The end points were compared by calculating the sample size that would be required to maintain the same statistical power when 1 end point was chosen in preference to BI ≥60 with the use of standard sample size equations.15–17 If an end point were more powerful, the required sample size expressed as a percentage would be <100%. For an overall comparison of the end points, binary logistic regression was used to model the proportion of significant trials, adjusted for treatment effect size.
The pattern of results we observed was similar across all treatment effect patterns for both the RS and BI end points (Table 2). The NP effect and the TP2 effect could be detected with the lowest power. The BI ≥60 dichotomy was consistently the least powerful end point. Among the remaining BI end points, the ≥95 dichotomy and the patient-specific dichotomized end points were equally the most powerful (Figure). The RS end points followed a less consistent pattern. The RS ≤2 end point was the least powerful for all treatment effect patterns; end points incorporating RS ≤3 were no better (data not shown). Depending on the treatment effect pattern, the RS ≤1, the RS ≤1 and ≤2 trichotomy, or the dichotomized patient-specific end point was the most powerful. The range of power was narrower for the RS end points than the BI end points.
Both the dichotomized and patient-specific global end points were more powerful than the BI end points for all treatment effect patterns but not always more powerful than RS ≤1 or the RS ≤1 and ≤2 trichotomy. Generally, the patient-specific global end point was less powerful than the dichotomized global end point.
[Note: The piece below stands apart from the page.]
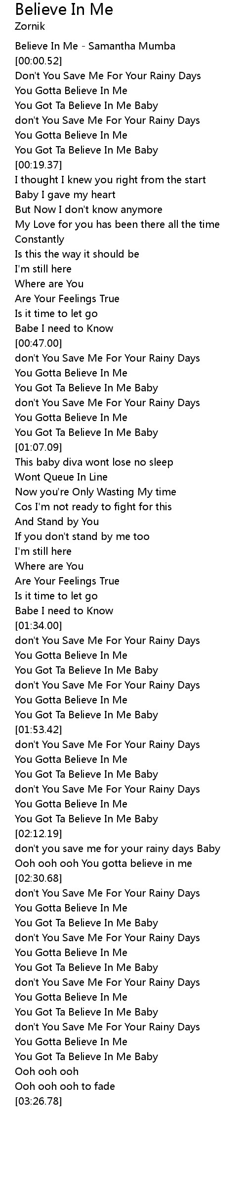 [03:05.73] You Got Ta Believe In Me Baby

Table 3 compares the end points in terms of required sample sizes relative to BI ≥60. For the BI end points, the greatest sample size reduction was obtained under the TP2 effect and the patient-specific end point or the BI ≥95 end point. The RS end points generally had larger sample size reductions. Either of the global end points could reduce the sample sizes even further, depending on the underlying treatment effect pattern.
Overall, the RS end points were more powerful than the BI end points (Table 4). The odds of achieving a statistically significant result increased by 89% under a fixed treatment effect if a RS end point were used instead of a BI end point.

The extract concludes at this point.